Countries with higher Cook’s Distance values have larger circles.
fig, ax = plt.subplots(figsize=(10,6))
sm.graphics.influence_plot(lm, ax = ax, criterion="cooks")
plt.show()
Output:
Distance
- Run the model without the two outliers.
Removing these outliers, particularly Qatar has a dramatic effect on the
model. The estimates for median_age and for the constant are no longer
significant.
covidanalysisminusoutliers = covidanalysis.loc[influence.cooks_d<0.5]
lm = getlm(covidanalysisminusoutliers)
lm.summary()
Output:
coef std err t P>|t|
----------------------------------------------------------------
---------------
const 901.1855 803.745 1.121 0.264
pop_density 1.8371 0.793 2.317 0.022
median_age -23.2250 31.229 -0.744 0.458
gdp_per_capita 0.0828 0.016 5.079 0.000
This gives us a sense of the countries that are most unlike the others in terms
of the relationship between demographic variables and total cases per million
in population.
How It Works
Cook’s Distance is a measure of how much each observation influences the
model. The large impact of the two outliers is confirmed in step 6 when we
rerun the model without them. The question for the analyst is whether outliers
such as these add important information or distort the model and limit its applicability. The coefficient of -49 for median age in the first regression
results indicates that every one year increase in median age is associated with
a 49 point reduction in cases per million people. But this seems largely due to
the model trying to fit a quite extreme total cases per million value for Qatar.

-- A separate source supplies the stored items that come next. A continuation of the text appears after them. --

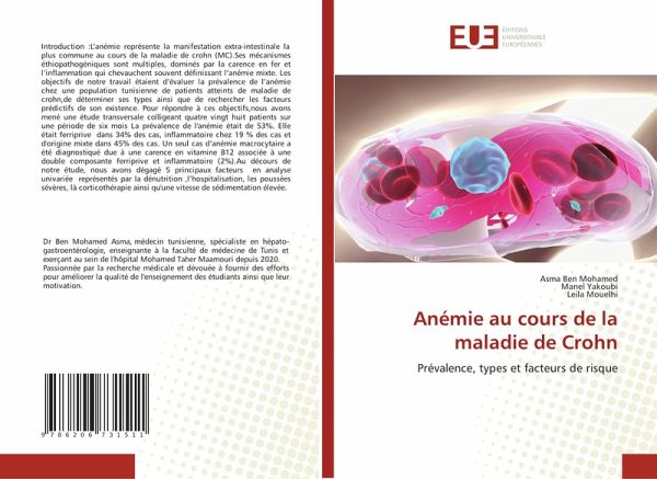 Introduction :L'anémie représente la manifestation extra-intestinale la plus commune au cours de la maladie de crohn (MC).Ses mécanismes éthiopathogéniques sont multiples, dominés par la carence en fer et l'inflammation qui chevauchent souvent définissant l'anémie mixte. Les objectifs de notre travail étaient d'évaluer la prévalence de l'anémie chez une population tunisienne de patients atteints de maladie de crohn,de déterminer ses types ainsi que de rechercher les facteurs prédictifs de son existence. Pour répondre à ces objectifs,nous avons mené une étude transversale colligeant quatre vingt huit patients sur une période de six mois La prévalence de l'anémie était de 53%. Elle était ferriprive dans 34% des cas, inflammatoire chez 19 % des cas et d'origine mixte dans 45% des cas. Un seul cas d'anémie macrocytaire a été diagnostiqué due à une carence en vitamine B12 associée à une double composante ferriprive et inflammatoire (2%).Au décours de notre étude, nous avons dégagé 5 principaux facteurs en analyse univariée représentés par la dénutrition ,l'hospitalisation, les poussées sévères, là corticothérapie ainsi qu'une vitesse de sédimentation élevée.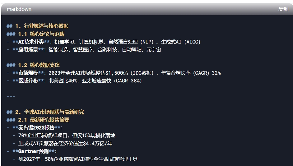 请给我生成一份AI行业发展趋势报告的PPT,内容包括内容大纲目录,行业最新研究报告,分析产业链,上下游关系,做出分析和建议,报告需要有数据支撑,具有实用价值,考虑呈现方式,保证格式正确,用markdown格式输出
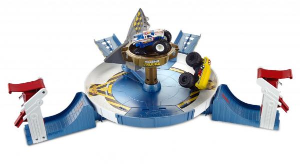 Δύο οχήματα Hot Wheels® με τεράστιες ρόδες αναμετρούνται μεταξύ τους και με έναν άγριο μηχανικό καρχαρία. Το ένα όχημα είναι ένα Φορτηγό Αγώνων Hot Wheels® και το άλλο ένα μοναδικό όχημα που ονομάζεται “Crash Recruit”. Τα παιδιά δοκιμάζουν τις ικανότητές τους σε μία κυκλική πίστα με ένα μεγάλο τρόπαιο στο κέντρο. Ξεκινήστε τη δράση τοποθετώντας τα οχήματα στους εκτοξευτές και ελευθερώστε τα για να συγκρουστούν. Προσγειωθείτε μέσα στο τρόπαιο για να κερδίσετε ή αστοχήστε και γίνετε δόλωμα για τον καρχαρία!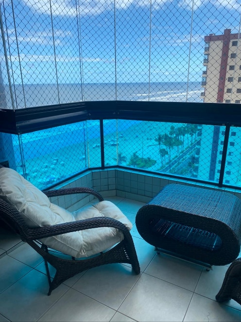 Vista privilegiada. De frente por mar, atravessou a rua está na areia da praia. Apto de 40 m2, arejado, claro, móveis práticos. Espaço aberto para melhor ventilação entre os cômodos . Wi-Fi Portaria 24 horas sem vaga na garagem mas facilidade de vagas nos arredores. Apto no 12° andar de frente para o mar. Utensílios de cozinha. Supermercado, padaria e outros comércios próximos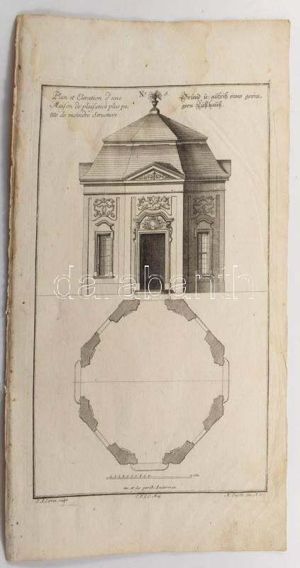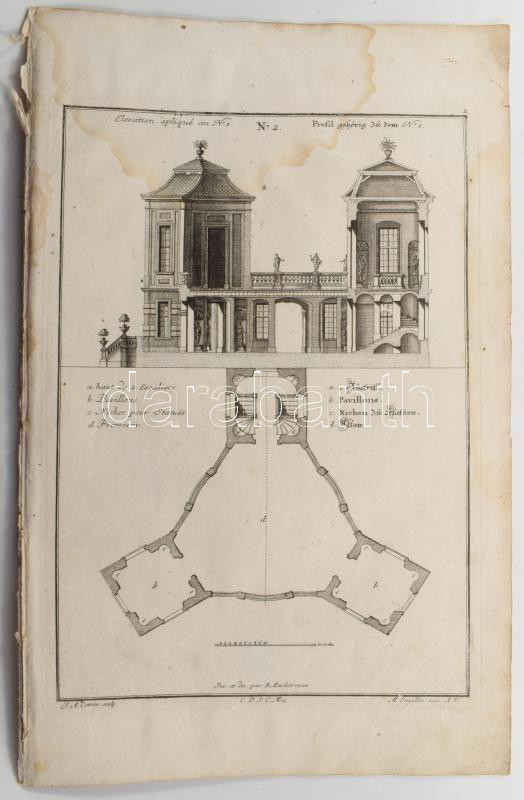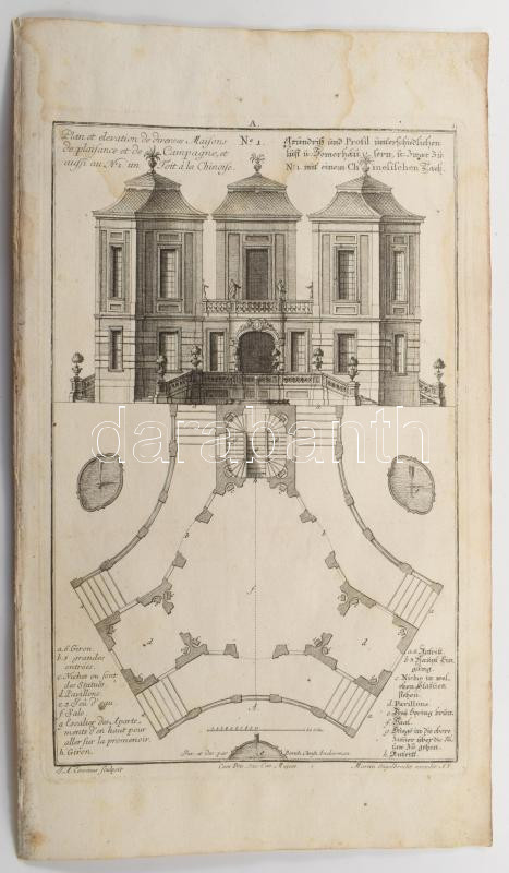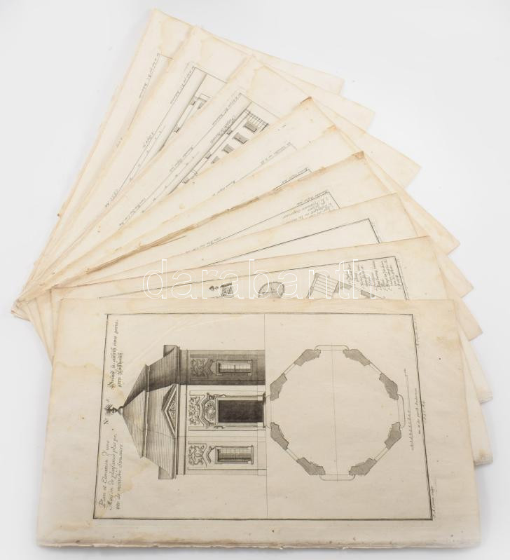 Martin Engelbrecht - Alexander Gläser, Augusta Vindel: kastélyok, épületek Vegyes építészeti metszetek. ca 1730 10 db Rézmetszet. / Architectural plans of different castles and buildings. Engravings 10 pcs 39x24 cm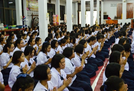 วันที่ 29 กรกฎาคม 2558 ดร.จิตราภรณ์ ใยศิลป์ ผู้อำนวยการโรงเรียนเฉลิมขวัญสตรีพร้อมด้วยคณะครู บุคลากรและนักเรียน ร่วมกันอนุโมทนาบุญเนื่องในวันอาสาฬหบูชาและวันเข้าพรรษา โดยนักเรียนชั้นมัธยมศึกษาปีที่่ 1 และคณะครูได้แห่เทียนและนำไปถวาย ณ วัดใหม่อภัยยาราม อำเภอเมือง จังหวัดพิษณุโลก (ภาพ:กีรติ/ข่าว:ประชาสัมพันธ์)
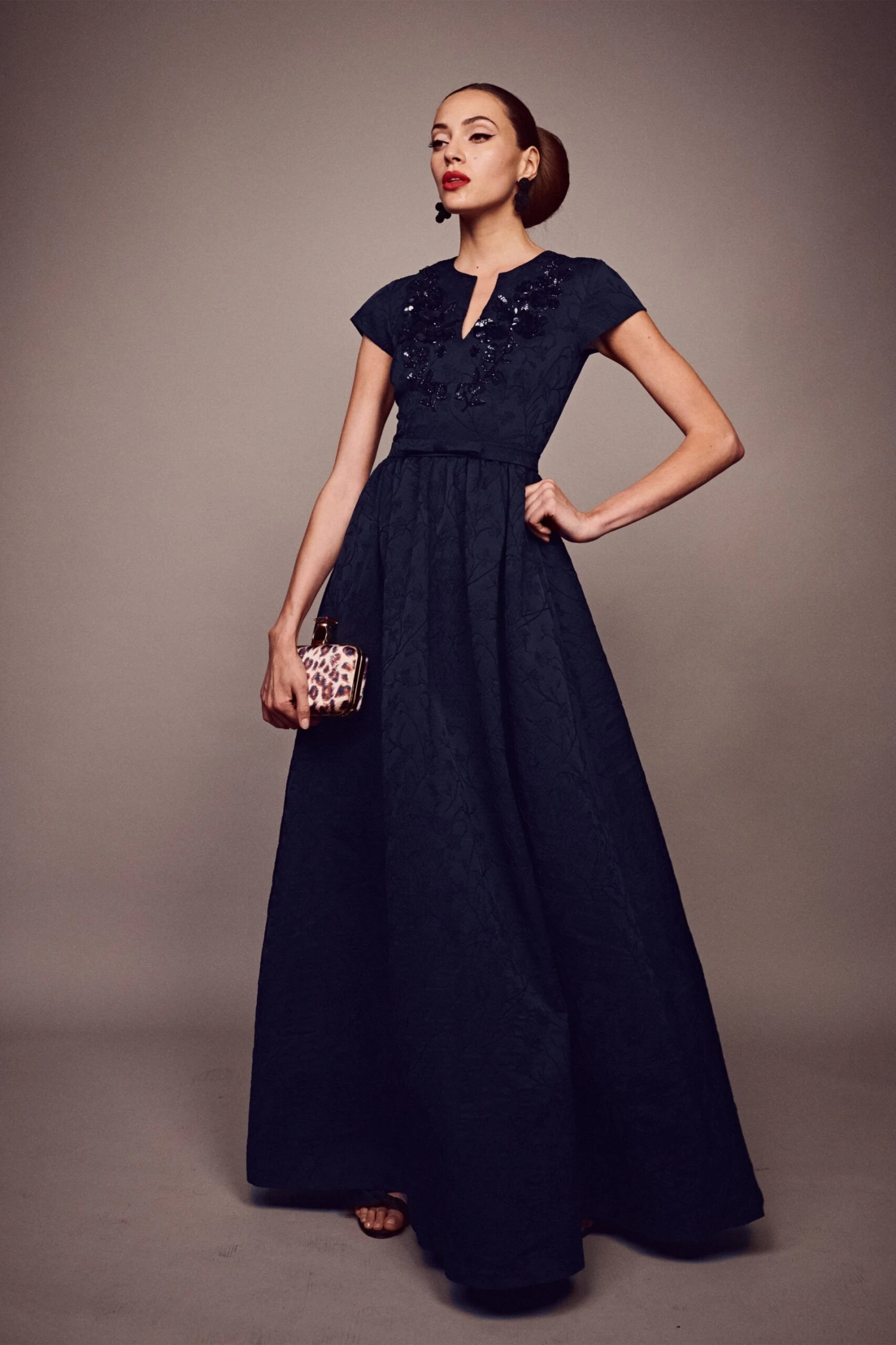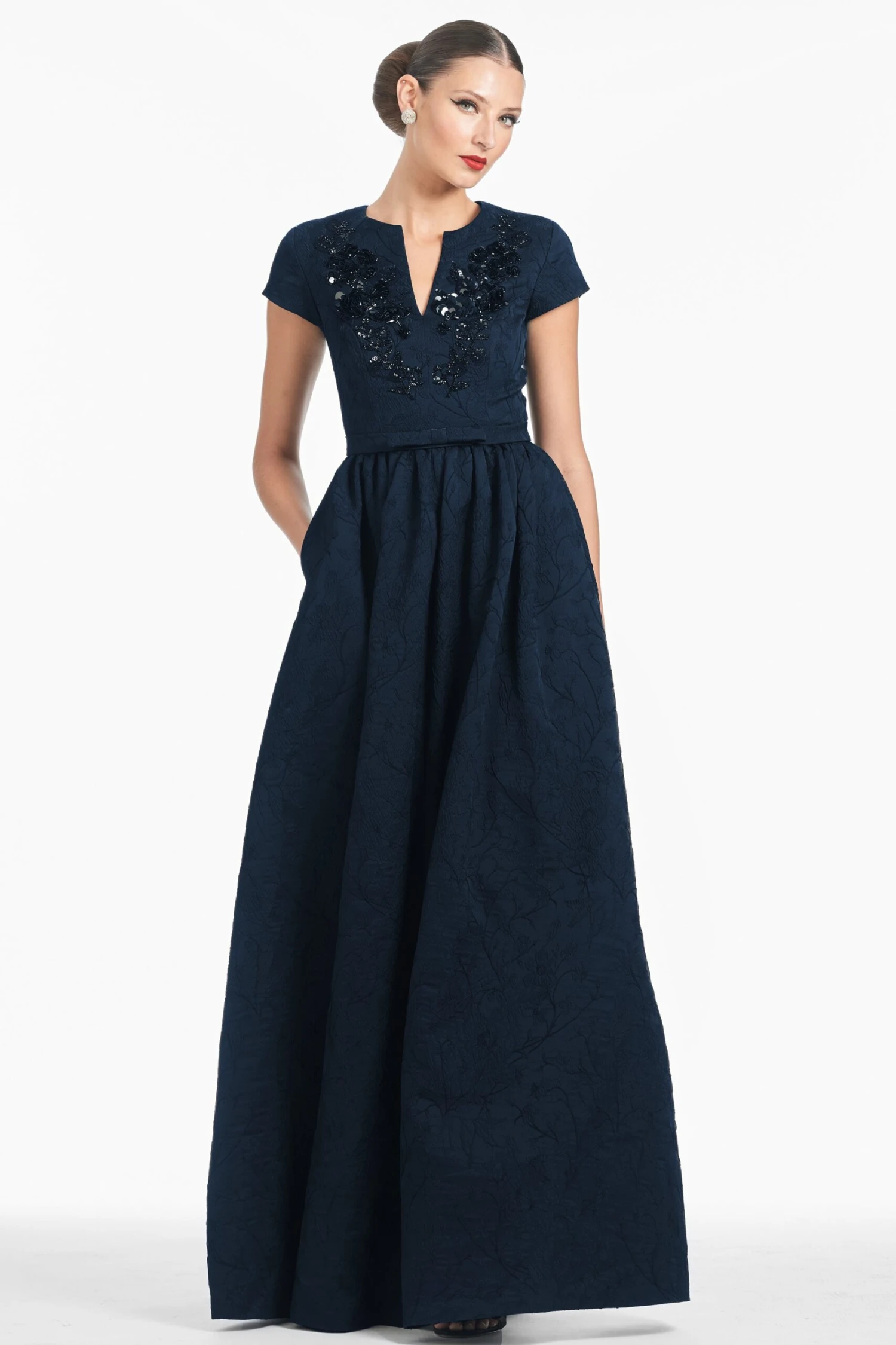 There’s more than meets the eye with Estelle. All over Jacquard Cloque comes together with cap sleeves, a slight V, and embellishment at the bodice to create a classic, forever piece. A thin belt meets in the middle and the skirt cascades into an effortless A-line. Pure elegance embodied.

Without qatar, the coefficient on age is no longer significant. The P>|t|
value in the regression output tells us whether the coefficient is significantly
different from 0. In the first regression, the coefficients for median_age and
gdp_per_capita are significant at the 99% level, that is, the P>|t| value is
less than 0.01. Only gdp_per_capita is significant when the model is run
without the 2 outliers, though pop_density approaches significance here.
There’s More
We run a linear regression model in this recipe, not so much because we are
interested in the parameter estimates of the model, but because we want to
determine whether there are observations with potential out sized influence
on any multivariate analysis we might conduct. That definitely seems to be
true in this case.Often, it makes sense to remove the outliers, as we have done
here, but that is not always true. When we have independent variables that do
a good job of capturing what makes outliers different, then the parameter
estimates for the other independent variables are less vulnerable to distortion.
We also might consider transformations, such as the log transformation we
did in a previous recipe and the scaling we will do in the next two recipes.
An appropriate transformation given your data, can reduce the influence of outliers by limiting the size of residuals at the extremes.
Conclusion
In conclusion, using linear regression to identify data points with significant influence is a powerful method for improving the accuracy and reliability of your predictive models. It not only helps in identifying outliers and high leverage points but also provides insights into how certain data points can skew results or offer critical value. By getting ready with a clear understanding of your dataset and applying the right techniques, you can easily uncover influential points that can refine your analysis. Understanding how it works, from fitting the model to analyzing residuals and leverage, allows you to make more informed decisions based on your data. Moreover, there’s always more to explore in this area, as linear regression is just the beginning of deeper statistical insights. Continue your journey by looking into more advanced methods like ridge regression or robust regression to further enhance your skills and improve model accuracy. Be sure to explore related topics that can expand your understanding and application of these powerful techniques, driving more accurate and insightful business outcomes.